Problem description :: Pictures are to be left out, and only the lines below starting at the one with "Attention metrics (AUs)" and ending at the one with "encounter is the" are to be reproduced, each exactly, both ends included.

Data supplied ::

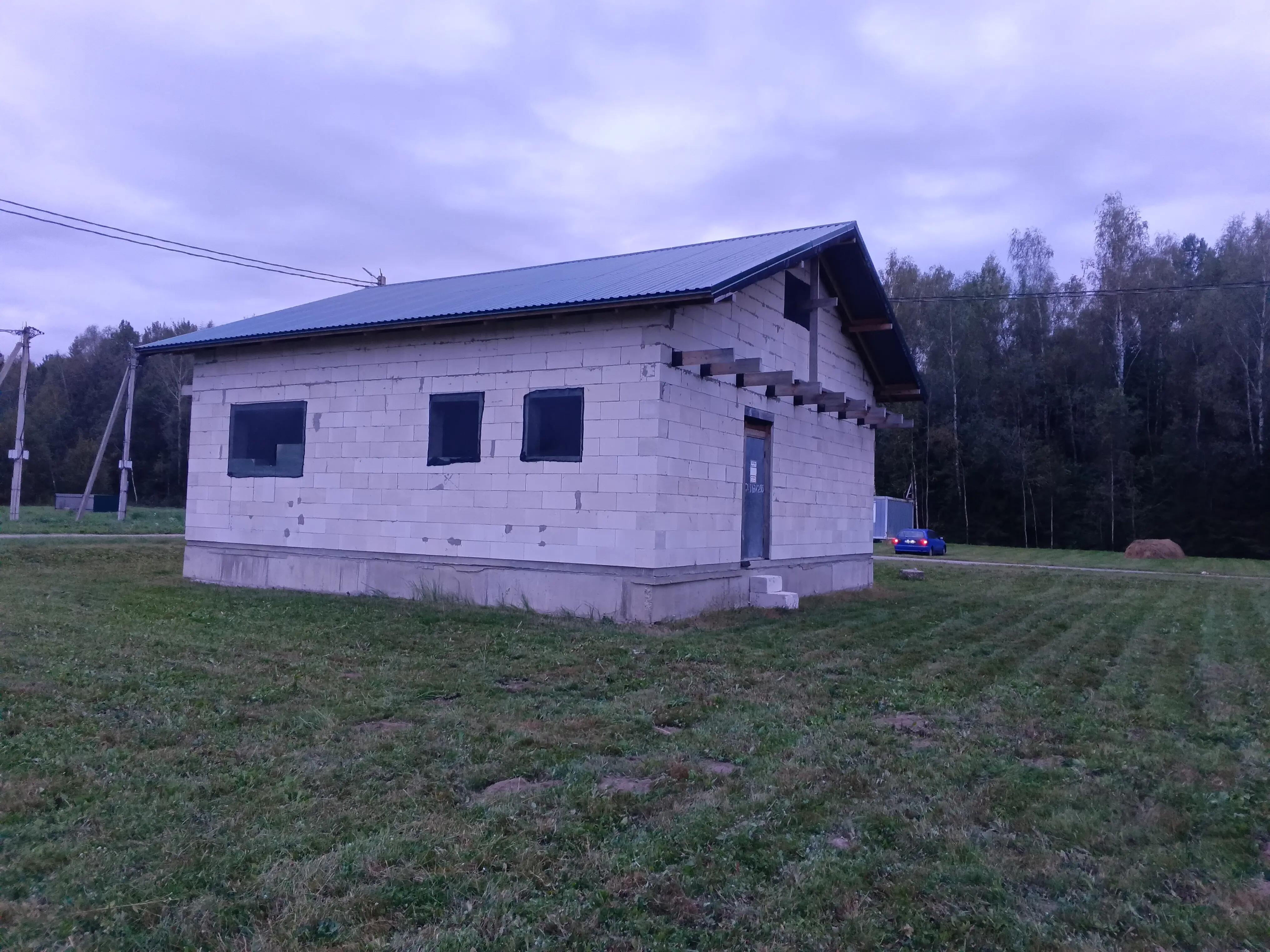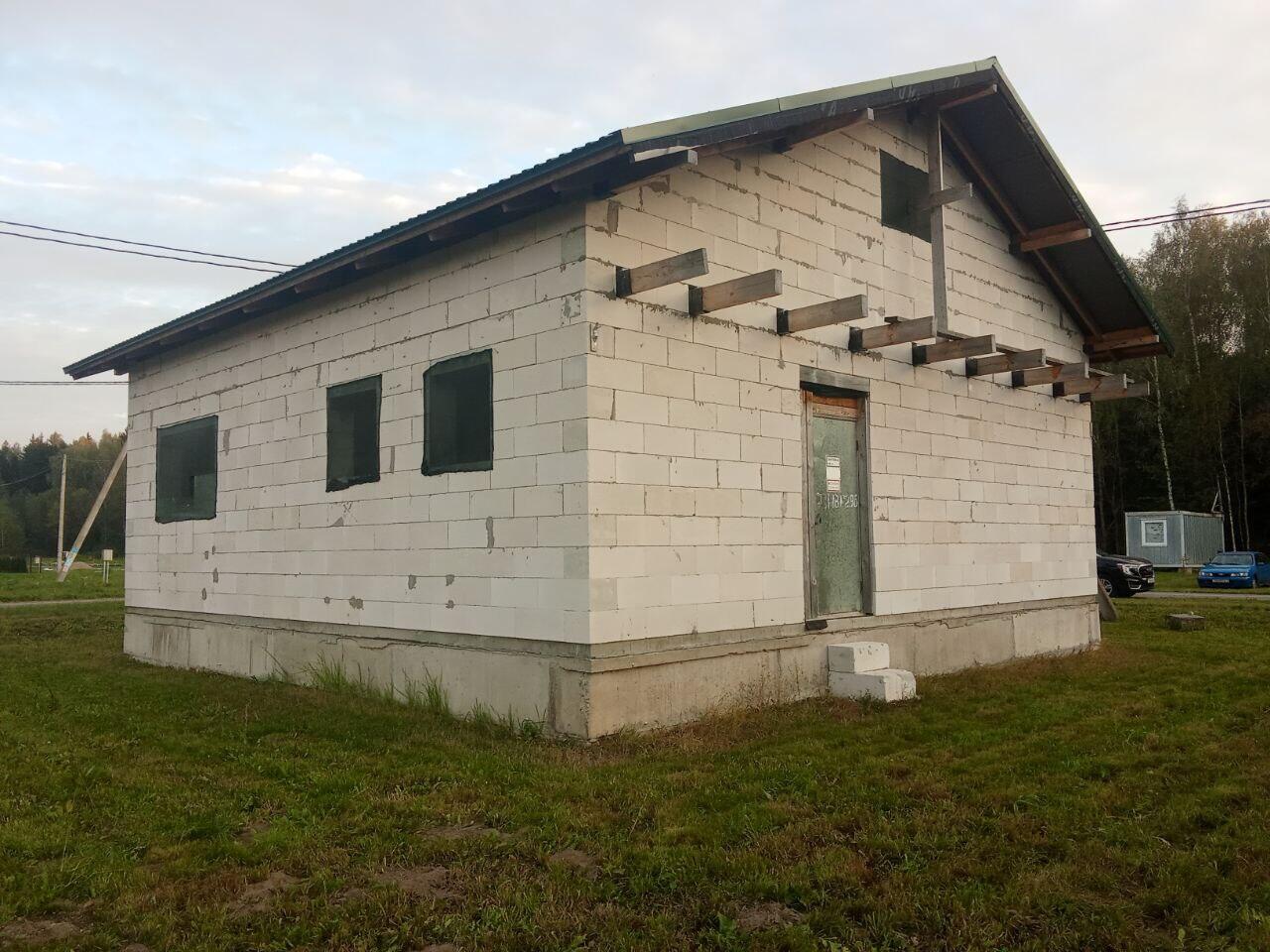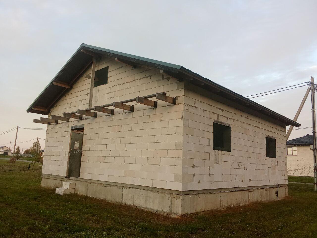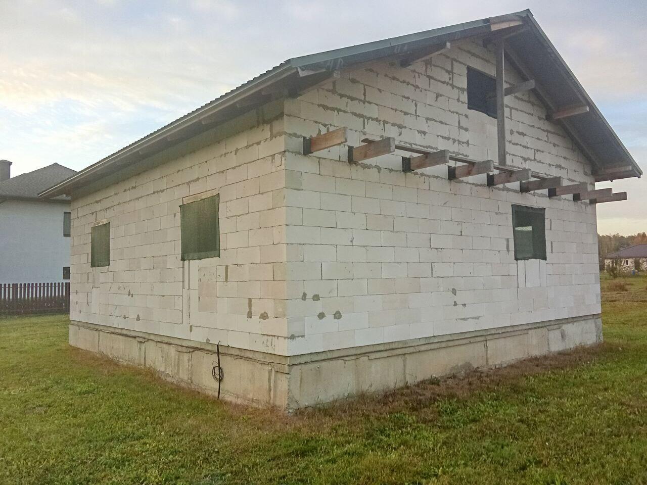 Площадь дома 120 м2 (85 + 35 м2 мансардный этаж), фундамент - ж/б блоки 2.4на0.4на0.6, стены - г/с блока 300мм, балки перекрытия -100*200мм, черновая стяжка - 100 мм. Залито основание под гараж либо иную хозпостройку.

--

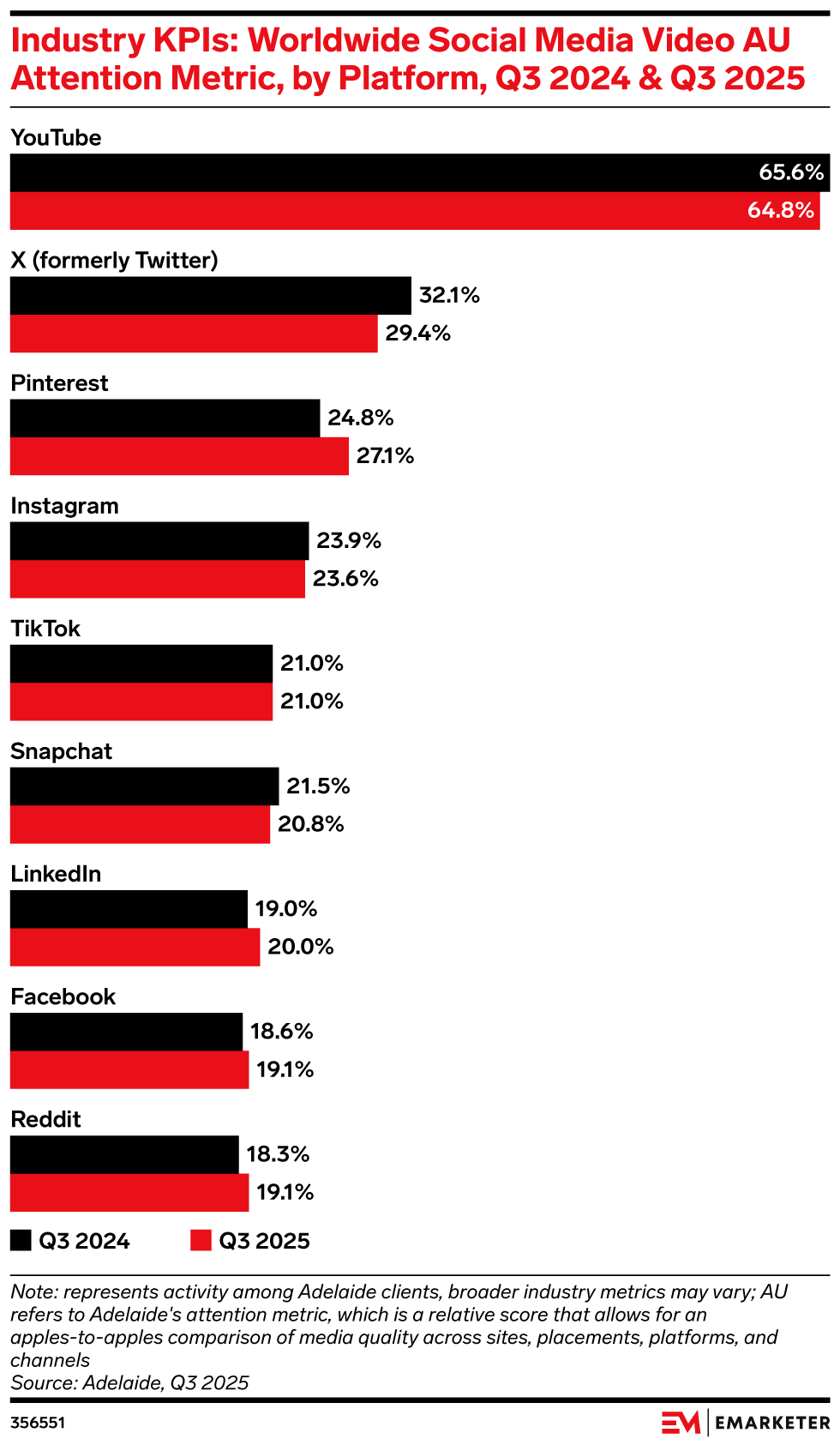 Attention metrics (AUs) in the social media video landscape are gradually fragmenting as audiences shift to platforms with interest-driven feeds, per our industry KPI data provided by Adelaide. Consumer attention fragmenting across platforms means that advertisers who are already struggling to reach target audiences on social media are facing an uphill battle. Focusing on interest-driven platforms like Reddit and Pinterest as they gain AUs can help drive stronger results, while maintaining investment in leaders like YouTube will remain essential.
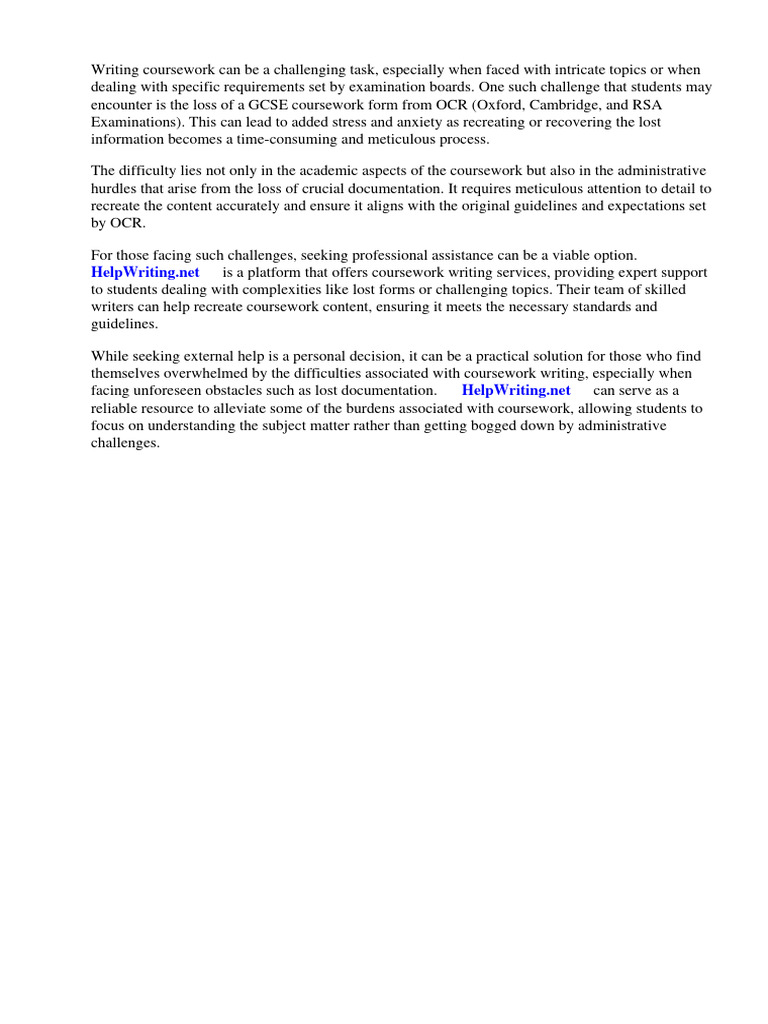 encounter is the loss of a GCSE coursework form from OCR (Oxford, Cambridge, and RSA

Answer box ::
 Attention metrics (AUs) in the social media video landscape are gradually fragmenting as audiences shift to platforms with interest-driven feeds, per our industry KPI data provided by Adelaide. Consumer attention fragmenting across platforms means that advertisers who are already struggling to reach target audiences on social media are facing an uphill battle. Focusing on interest-driven platforms like Reddit and Pinterest as they gain AUs can help drive stronger results, while maintaining investment in leaders like YouTube will remain essential.
 encounter is the loss of a GCSE coursework form from OCR (Oxford, Cambridge, and RSA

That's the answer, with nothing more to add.